Some years ago the cats pried open a not tightly shut closet door in which were stored communion wafers. They ate every one, with a little help from Cazenovia, Elocution, Lucy Fur, and Tucker.
“We all ate the same food. Couldn’t have been that,” Carlton posited. “And if something had been altered just for Mrs. Cordle, wouldn’t the chef have known or someone working with the food? You’d have to grab her plate to make sure only she ate it.”
“That’s true.” Pamela agreed. “I wasn’t there, but I can imagine it was deeply upsetting.”
“It was,” both Mags and Janice said in unison, while Harry and Susan nodded their heads.
“Rev.” Harry tiptoed to Reverend Jones’s door, lightly knocked.
“Come on in. Saw you all out on the quads.” He rose as Harry opened the door, his three cats bounding up to meet the other animals.
“Drinks, cookies?” Reverend Jones offered.
“Catnip!” Pewter hollered.
Pamela took charge. “Reverend Jones, you sit down and entertain. I’ll take care of the libations.”
Susan and Harry joined her in the small kitchen as the others picked a drink.
“What do you think of our grounds?” Reverend Jones asked Carlton.
“Beautiful. And much of it is the original, or at least the original layout. I was here once in my early teens, when I thought I might like horticulture. Visited every old garden I could.
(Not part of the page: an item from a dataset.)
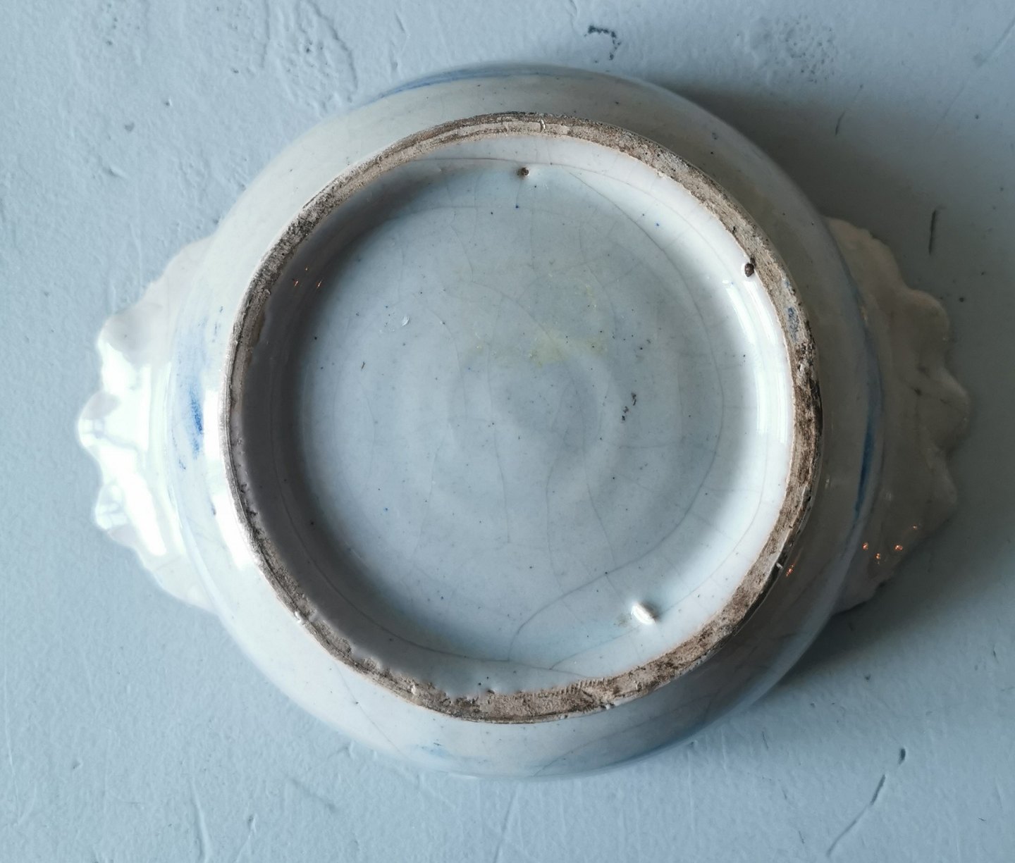 Charmerende øreskål i fajance med dekoration af sejlskib i bunden af skålen. Almindeligt brugsspor på kanten. Ingen skader eller reparationer. Formodes fremstillet Mellemeuropa. H. 5 cm Fra øre til øre: 15 cm.

The proportions of St. Luke’s are lovely and the quads in the back reflect that, too.”
Herb smiled. “We all benefit from those who have gone before.”
“I heard the story about the grave. It’s peaceful under that red oak.” Carlton stood up to take his drink, as the seat swallowed you up if you were on the sofa.
The chairs offered more support.
“Given that there are so many Sweenys, as you said”—Mags sipped a sweet tea—“maybe you’re related.”
“You know, Mrs. Nielsen, I bet if we all did the ancestry DNA thing, we’d all be related, especially those of us who have lived here for generations. It’s inevitable.” He, too, took a sip. “Just like finding members of the Solanaceae family in our gardens is inevitable.”
“Have them in mine. Well under the yews,” Mags confessed.
Harry, eyeing Pewter, who was about to jump on the large coffee table, stood up. “Don’t you even think about it.”
She walked to the kitchen, opened a cabinet drawer where the treats were kept, and tossed out tiny colored fish goodies to all the cats, fetched two bones for the dogs. “I’m stealing your cat and dog treats, Reverend Jones, but it’s the only way.”
Pewter, having gobbled her fish, purred to Pirate, “You know there might be poison in your dog biscuit. Think about what the gardener guy said about belladonna. You never know.”
The innocent youngster opened his mouth and dropped the medium-sized biscuit. That fast, Pewter dove toward it, picked it up, and ran out the opened door.
“Pewter,” Mrs. Murphy called. “You can’t steal in a church.”
Calling from the hall while she tried to eat the hard dog biscuit, refusing to admit defeat, she hollered back, “They’ll forgive me. They’re Christians, remember?”
Harry gave Pirate another bone. “Pay her no mind.”